§ DIRECTIONS
The copy should hold exactly the lines below from the one that contains "2021年6月18日晚,学校" through the one that contains "NAD+ is an essential" and nothing else, so no pictures.

§ TASK DATA
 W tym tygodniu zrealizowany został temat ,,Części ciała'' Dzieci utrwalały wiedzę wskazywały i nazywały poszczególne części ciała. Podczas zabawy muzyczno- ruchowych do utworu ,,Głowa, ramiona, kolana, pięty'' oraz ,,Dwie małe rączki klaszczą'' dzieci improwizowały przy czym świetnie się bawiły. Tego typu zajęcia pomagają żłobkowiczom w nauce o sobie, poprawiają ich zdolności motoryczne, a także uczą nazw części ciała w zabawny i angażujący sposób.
--
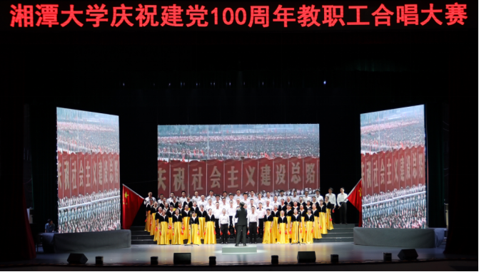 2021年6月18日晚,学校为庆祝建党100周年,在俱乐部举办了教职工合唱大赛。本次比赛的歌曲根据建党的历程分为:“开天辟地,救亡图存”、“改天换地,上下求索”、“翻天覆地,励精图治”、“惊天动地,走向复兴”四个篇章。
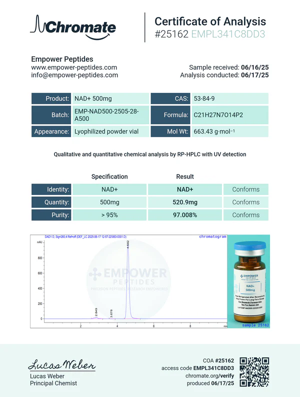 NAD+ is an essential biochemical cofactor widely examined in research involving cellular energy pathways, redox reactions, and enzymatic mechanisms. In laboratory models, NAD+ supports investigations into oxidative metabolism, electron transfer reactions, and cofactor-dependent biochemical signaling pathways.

§ RESPONSE BELOW
 2021年6月18日晚,学校为庆祝建党100周年,在俱乐部举办了教职工合唱大赛。本次比赛的歌曲根据建党的历程分为:“开天辟地,救亡图存”、“改天换地,上下求索”、“翻天覆地,励精图治”、“惊天动地,走向复兴”四个篇章。
 NAD+ is an essential biochemical cofactor widely examined in research involving cellular energy pathways, redox reactions, and enzymatic mechanisms. In laboratory models, NAD+ supports investigations into oxidative metabolism, electron transfer reactions, and cofactor-dependent biochemical signaling pathways.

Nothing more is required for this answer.